Leaving out the images, please output every entry exactly as it appears.

_ _ _

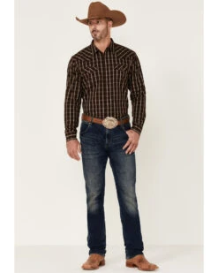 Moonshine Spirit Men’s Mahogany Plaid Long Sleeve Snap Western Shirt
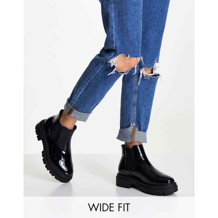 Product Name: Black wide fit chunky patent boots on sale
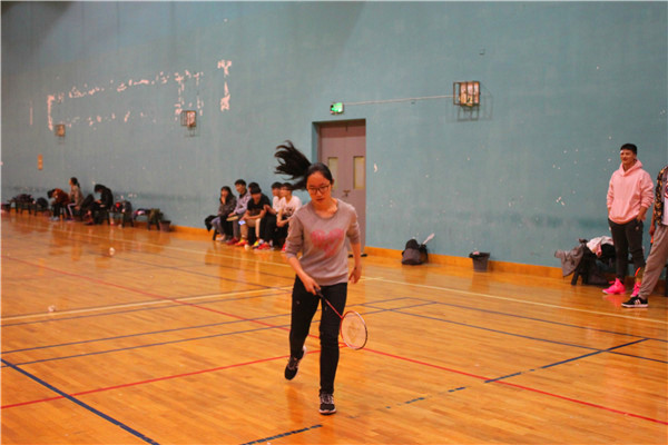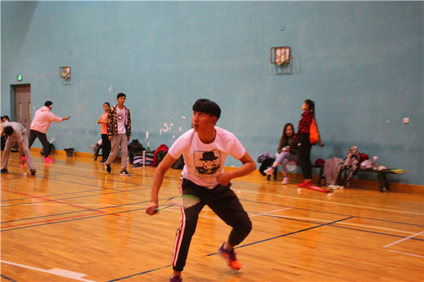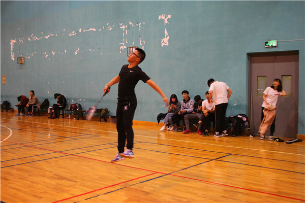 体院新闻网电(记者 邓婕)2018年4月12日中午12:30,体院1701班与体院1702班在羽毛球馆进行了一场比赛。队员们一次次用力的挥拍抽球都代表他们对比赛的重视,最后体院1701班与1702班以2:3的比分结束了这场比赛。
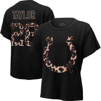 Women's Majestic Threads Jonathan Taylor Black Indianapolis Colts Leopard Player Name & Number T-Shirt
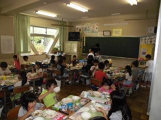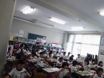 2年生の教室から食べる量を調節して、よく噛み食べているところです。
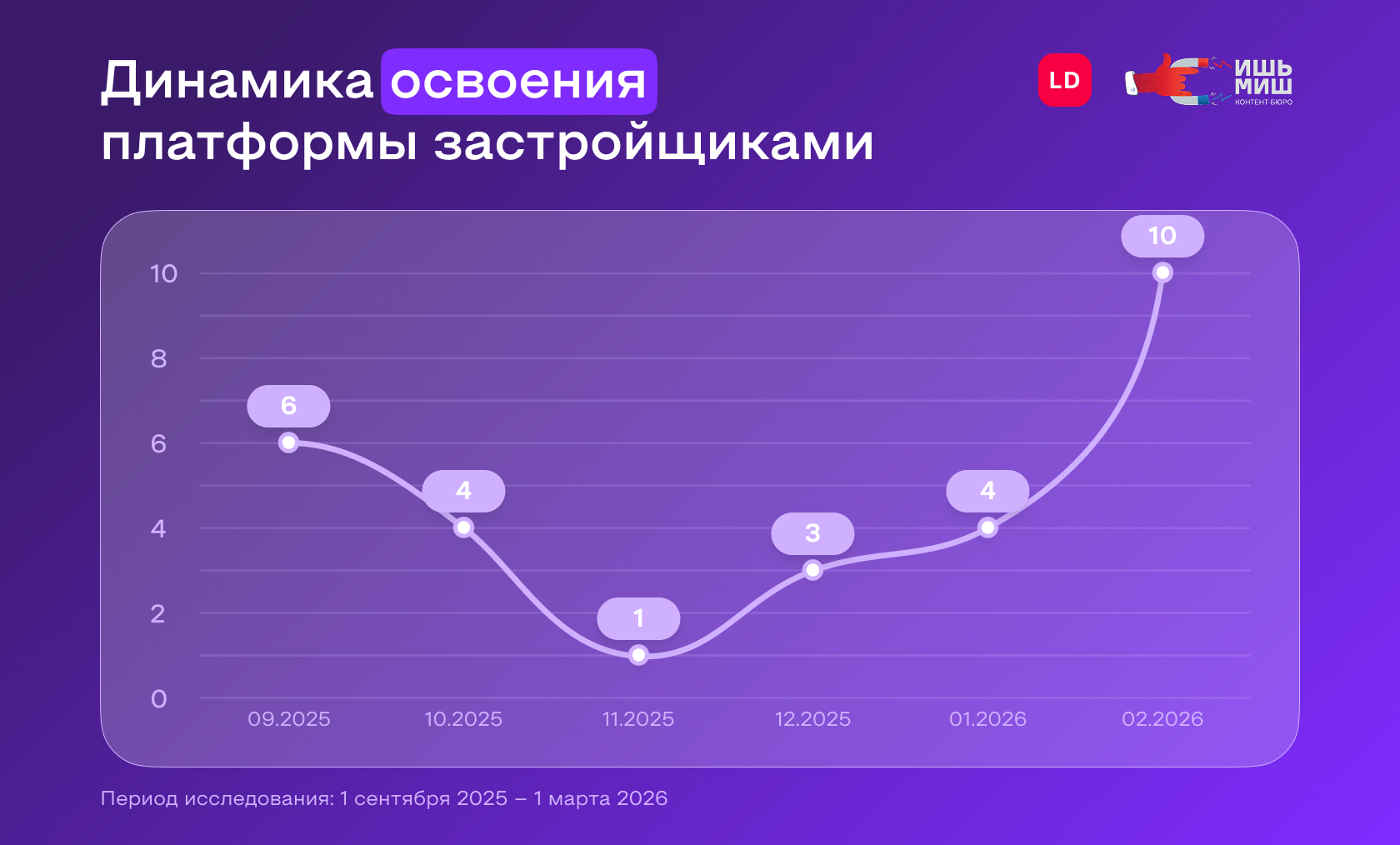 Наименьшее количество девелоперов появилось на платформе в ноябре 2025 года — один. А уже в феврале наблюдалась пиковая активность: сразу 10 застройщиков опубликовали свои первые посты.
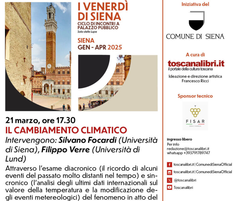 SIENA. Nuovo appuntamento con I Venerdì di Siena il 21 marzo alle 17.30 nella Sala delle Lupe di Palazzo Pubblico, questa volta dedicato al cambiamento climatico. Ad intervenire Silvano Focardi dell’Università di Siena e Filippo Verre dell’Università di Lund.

_ _ _

Response for this exercise ▸
 Moonshine Spirit Men’s Mahogany Plaid Long Sleeve Snap Western Shirt
 Product Name: Black wide fit chunky patent boots on sale
 体院新闻网电(记者 邓婕)2018年4月12日中午12:30,体院1701班与体院1702班在羽毛球馆进行了一场比赛。队员们一次次用力的挥拍抽球都代表他们对比赛的重视,最后体院1701班与1702班以2:3的比分结束了这场比赛。
 Women's Majestic Threads Jonathan Taylor Black Indianapolis Colts Leopard Player Name & Number T-Shirt
 2年生の教室から食べる量を調節して、よく噛み食べているところです。
 Наименьшее количество девелоперов появилось на платформе в ноябре 2025 года — один. А уже в феврале наблюдалась пиковая активность: сразу 10 застройщиков опубликовали свои первые посты.
 SIENA. Nuovo appuntamento con I Venerdì di Siena il 21 marzo alle 17.30 nella Sala delle Lupe di Palazzo Pubblico, questa volta dedicato al cambiamento climatico. Ad intervenire Silvano Focardi dell’Università di Siena e Filippo Verre dell’Università di Lund.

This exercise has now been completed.